If you want to do it daily, the next time you think about it, consider whether
you already washed him today. If you haven't, wash him, and put down a tick.

Don't tally the ticks up. Don't look back to see how frequently you actually
washed him every day. Don't get frustrated because for the past three weeks
you washed him daily but last week you missed him three times in a row. When
you worry about how well you are washing him, just think "Did I wash him
today?" and then wash him if you didn't.

You'll start washing him every day. Or you'll start to wash him every other
day and be happy with it. Or you'll wash him from time to time. Think about
the results instead. Do you have a brontosaurus that is sufficiently clean? If
you do that's great, keep it up, whether you do it daily or monthly. Do you
not? Then consider what else you could do besides cleaning him yourself to
make him cleaner.

Whatever you do, don't just get mad at yourself for not doing it and demand
from yourself that you do it more often, and then promise yourself that you
will. That won't work.
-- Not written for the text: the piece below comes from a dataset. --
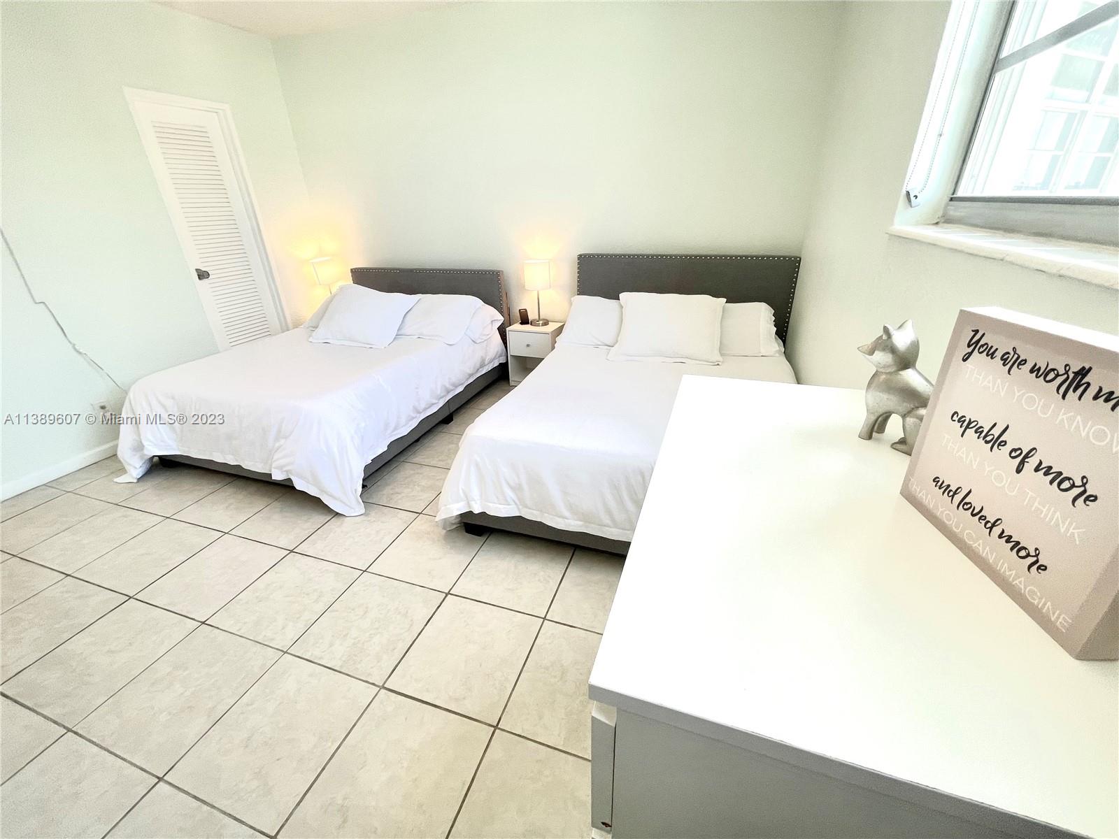 Beachfront building with fabulous amenities. Ocean views to right & city skyline to left. Allows Air B &B great income or use when you want. This 1/1 is large & fully furnished turn key. Tile throughout, hurricane patio door & glass balcony. Kitchen has quartz counters, subway tile backsplash, white cabinets & space for a kitchenette table. Toaster, coffee maker, pots/ pans and dishes come with. Bedroom has 2 beds + living room can be sleeper sofa, so a a total of 6 can sleep. Large walk in master closet + hall closet & linen closet. Flat ceilings/ no popcorn. Bathroom has tub & tile shower. Laundry on each floor- steps to this unit but no noise. Resort style pool, gym, game room, lobby, business center, valet parking. HOA fee includes cable, water & A/C. On beach close to shops & cafes

You'll maybe do it for a bit and then burn out from
frustration and failure.

You can always do something like set a reminder if you don't think about it.
But if you remember and avoid it, and then get angry with yourself for
avoiding it (or rationalize your avoidance), you're doing the opposite of what
is needed to make a habit.

If you find you are avoiding it (Ah man, I'm too tired right now.) don't tell
yourself you will make it up tomorrow. Don't get angry with yourself. Don't
even acknowledge it. It's a habit, not a chore. It's something you want to do
more frequently, not something you have to do. Acknowledge when you do
complete it, not when you don't. As soon as you start to argue with yourself
("I should do this, but I don't want to") you're already losing the battle.
Don't consider at that point what you should do. Just do it, or don't do it.
Notice and feel good when you do it.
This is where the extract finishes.